Duffers and citizens concerned about the effects of duffers on the environment had a go at each other during Thursday night's marathon Juneau Planning Commission hearing.
Totem Creek Inc., the pro-golf-course group hoping to wrest a permit for the course from the commission, argued in its presentation that it has done everything right and therefore deserves the go-ahead.
Many offering testimony during the five-hour hearing begged to differ, claiming the project's 400-acre footprint could step on wildlife, water quality, fish habitat and old-growth trees.
Totem Creek has designed and wants to build a golf course, driving range, clubhouse and maintenance building and a mile-long road to it all at the end of North Douglas Highway.
Totem Creek and city staff disagree on several points, according to city Community Development Director Cheryl Easterwood.

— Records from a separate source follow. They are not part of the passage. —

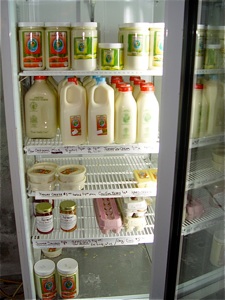 A variety of farm products (milk, yogurt, Ferment, vegetables, meats, and greens are available at the Farm Stand at the Smith Family Farm. The Farm Stand is open on Mondays and Fridays from 3 to 6 p.m. and on Saturdays from 9 a.m. to noon.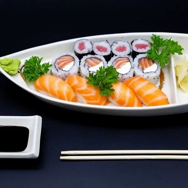 4 niguiri de salmão, 4 Philadelphia de salmão, 4 hossomaki de atum.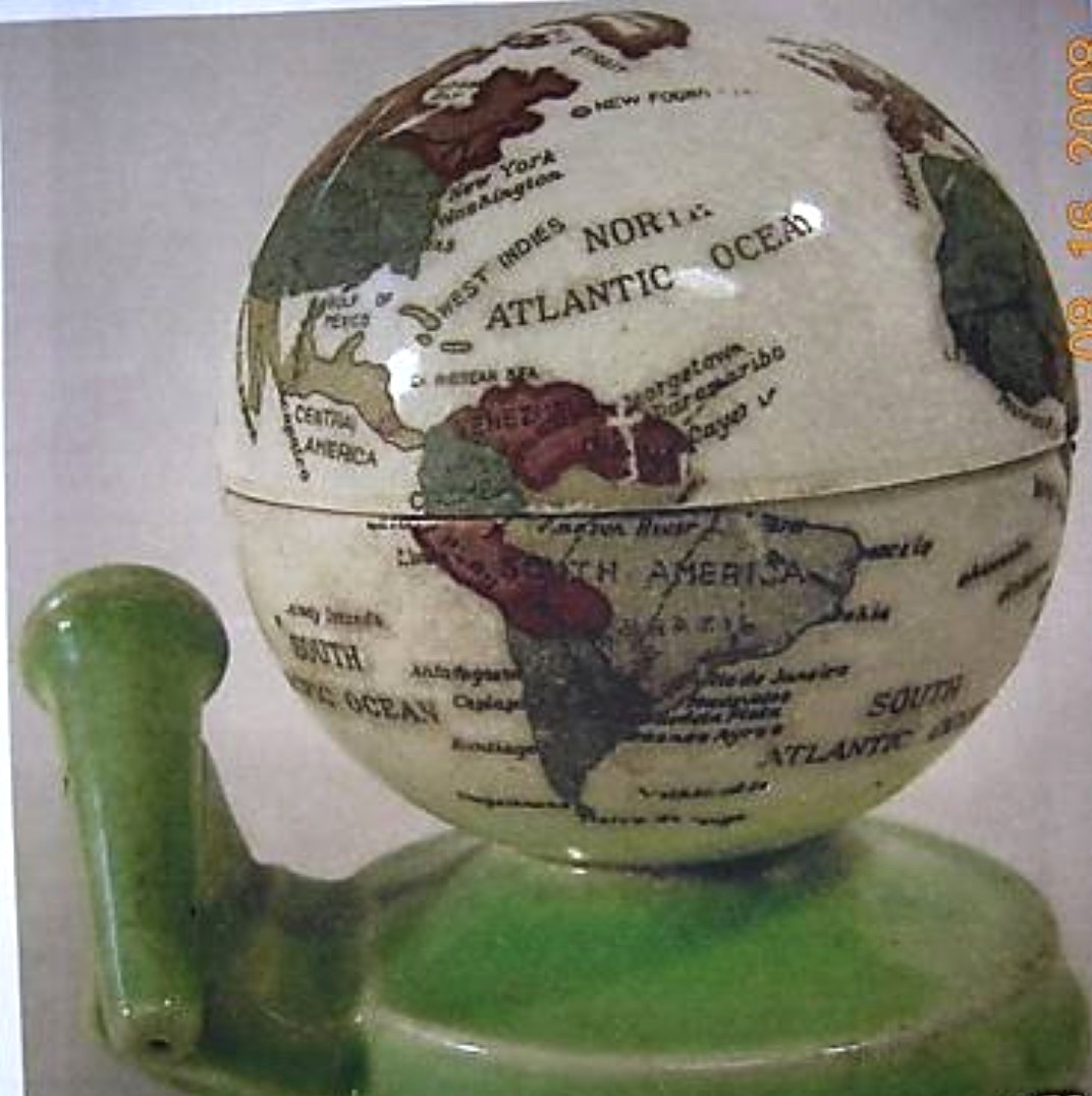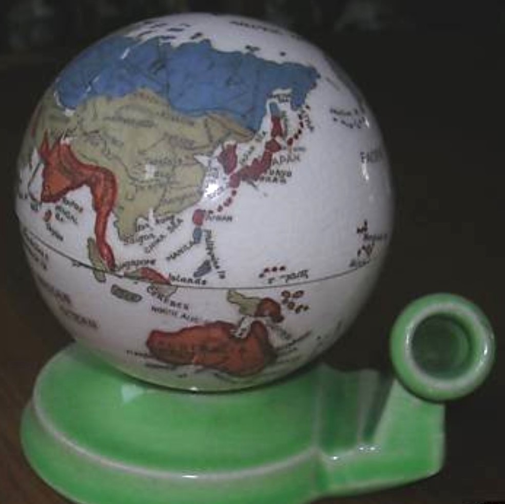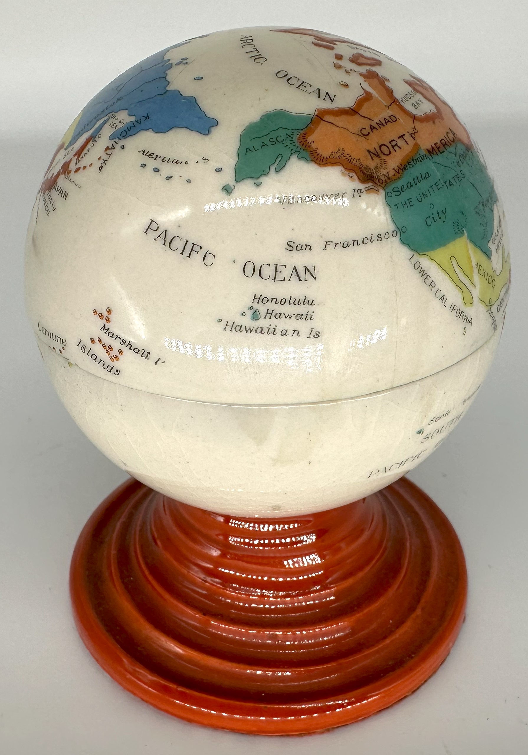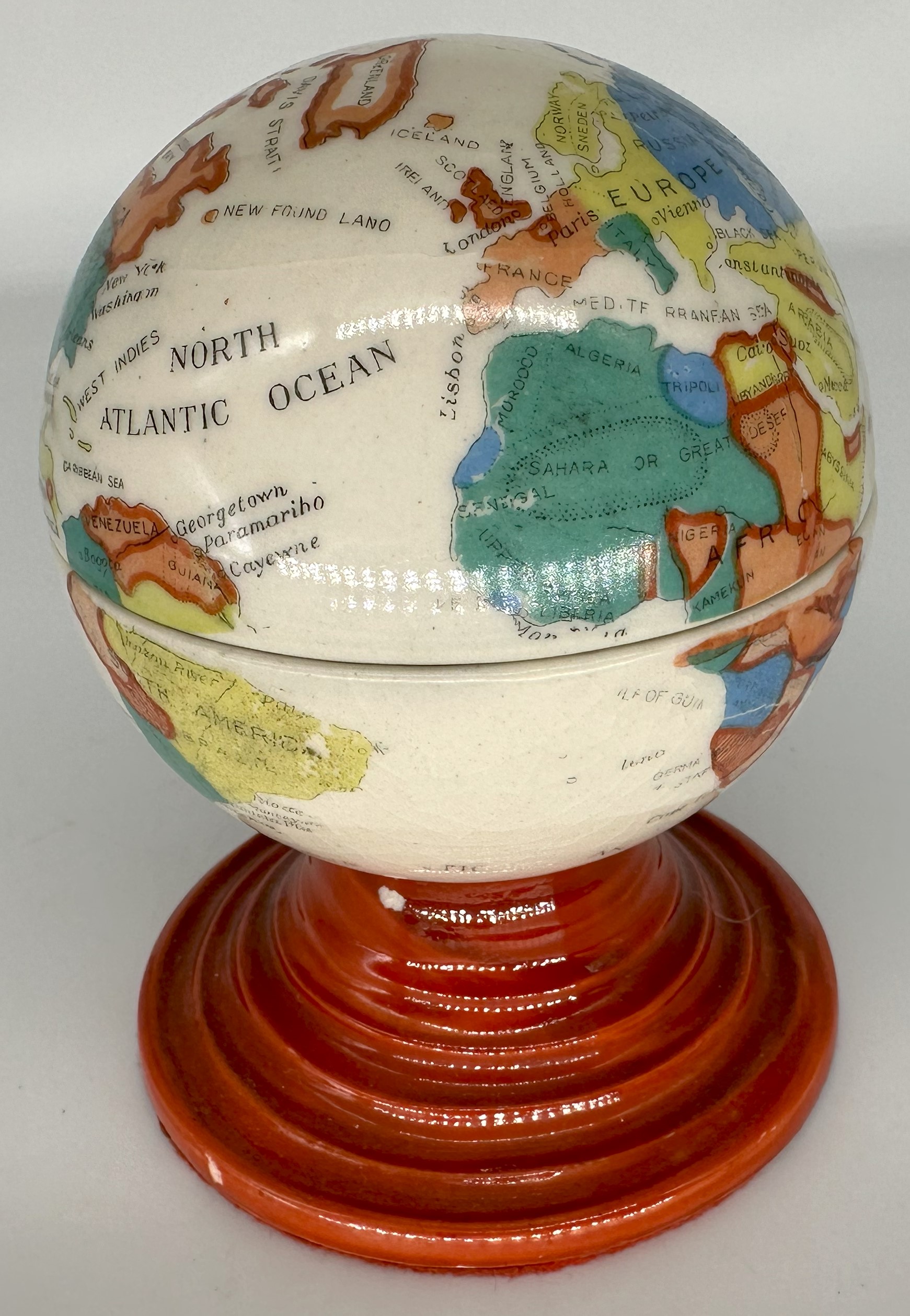Ceramic world globe on a tiered circular base. Transfer printed, polychrome exterior with two ceramic inkwells inside. All the markings on the globe are in English, though the inkwell was made in Japan (there is an impressed Japanese mark on the bottom).

Those include Audubon International affiliation, buffer size for anadromous fish streams, the conduct of wildlife studies and protecting trees from the wind.
No decision on the conditional use permit Totem Creek is
applying for will be forthcoming until at least one more Planning Commission hearing, according to Easterwood. That hearing remains to be scheduled.
Totem Creek spokesman Tom Custer argued that Audubon International's Signature Program, which requires that golf course designs abide by strict environmental criteria, was never a part of the discussion with the city.
"This is the first time this has been held up as a standard," he said. Further, "Only 21 courses in the nation have achieved Signature status since 1993," and only three of the 400 golf courses built in the United States in the last year are Signature certified. "The Signature program is not the standard appropriate for us to meet," he said.
A program offering "equivalent" criteria could substitute for Audubon International's, Easterwood said.
Totem Creek's design includes 66-foot buffer zones for streams crossing the course that harbor salt-water fish that migrate to fresh water to spawn, such as cutthroat trout and salmon.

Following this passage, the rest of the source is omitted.